En este Día Internacional del Deporte para el Desarrollo y la Paz, la reflexión es clara: el bienestar de una nación no solo se mide en sus hospitales, sino en la vitalidad de sus canchas, de sus espacios deportivos. Como bien dice mi amigo Roberto Flavio, un aliado del deporte que impulsa a las nuevas generaciones, “el deporte salva vidas y a familias enteras”. Esta frase es el motor de inspiración que debe llegar a cada rincón del país.

No basta con el entusiasmo, necesitamos infraestructura que dignifique. Crear y rehabilitar espacios deportivos gratuitos y seguros no es un gasto, es la inversión social más rentable. Un parque iluminado y una cancha recuperada son el punto de encuentro donde la familia se reúne, las personas adultas mayores caminan, la niña y el niño juega, las y los adolescentes crean recuerdos, las y los jóvenes conviven, las mujeres de todas las edades pueden sentirse libres y seguras.

Estos espacios son nuestra primera línea de defensa: el deporte es la herramienta de prevención más poderosa contra las enfermedades crónicas y, fundamentalmente, el escudo más fuerte contra las adicciones.

El talento no tiene límites. Es vital apoyar a las y los deportistas de cada rincón, desde la ciudad hasta el municipio más alejado. Cada joven que recibe apoyo para representar a su comunidad es una historia de éxito que inspira a cientos más a elegir el camino de la disciplina sobre el del conflicto.

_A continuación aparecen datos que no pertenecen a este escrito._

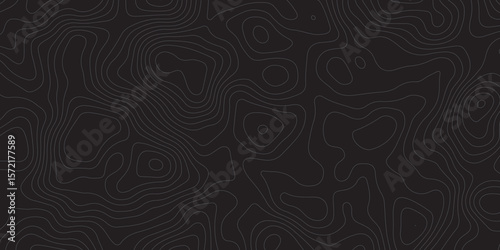 "Abstract topographic map dark background with contour lines. Minimalistic black pattern ideal for technology, geography, data visualization, and modern design projects. Seamless and high-resolution"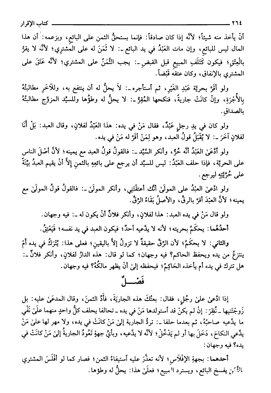 ولو كان في يد رجل عبدٌ، فقال من في يده: هذا العبد لفلان، وقال العبد: بل أنا لفلان آخر: لا يُقبل قول العبد، وهو لمن أقر له من في يده.

El deporte nos enseña a sentar las bases de una paz duradera.

La salud física, la salud mental y la seguridad pública caminan de la mano en cada entrenamiento. Por eso, el llamado es que juntas y juntos impulsemos el deporte como el puente más sólido hacia un futuro sin violencia, donde el mayor triunfo sea una sociedad sana, integrada y en paz.

Jennifer Islas. Política y conferencista.